Technique - MudPIT uses columns consisting of strong cation exchange (SCX) material back-to-back with reversed phase (RP) material inside fused silica capillaries.

The chromatography proceeds in cycles, each comprising an increase in salt concentration to "bump" peptides off of the SCX followed by a gradient of increasing hydrophobicity, to progressively elute peptides from the RP into the ion source.
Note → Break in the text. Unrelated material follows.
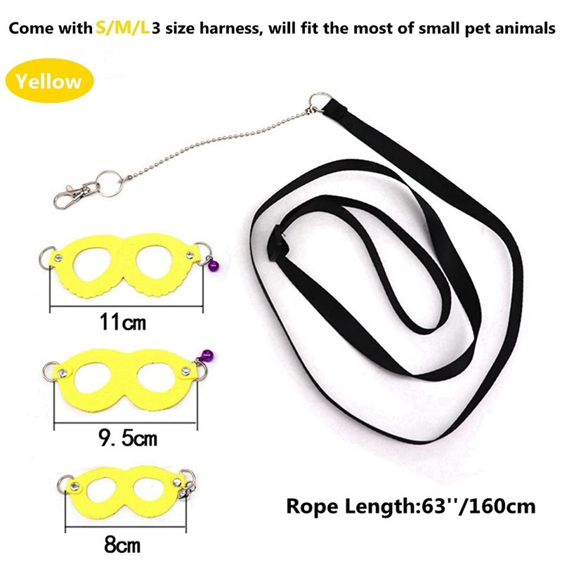 3 Pack Sugar Glider Harness and Leash Set - Adjustable Traction Rope Strap Anti-Biting Chain Rope, Small Animal Training Walking Vest Leash for Sugar Glider Squirrel Hamster Rat Birds Reptile (Yellow)

The mass spectrometer's data-dependent acquisition isolates peptides as they elute and subjects them to Collision-Induced Dissociation, recording the fragment ions in a tandem mass spectrum.

These spectra are matched to ‘database peptide sequences’ by the SEQUEST algorithm. SEQUEST's peptide identifications are assembled and filtered into protein-level information by the DTASelect algorithm.

DFCalc (DNA Fragment Calculator) -- is software designed to assist the interpretation of tandem mass spectra from DNA molecules. The program predicts the fragment ions for DNA known sequences, producing a list to be compared against a spectrum.

DFCalc allows the user to select which classes of ions are included in the prediction (selecting among A, B, C, D, W, X, Y, and Z ions) as well as which variants of the 5' ions are included (base losses or water losses).

Ions resulting from double fragmentations can also be predicted using this software.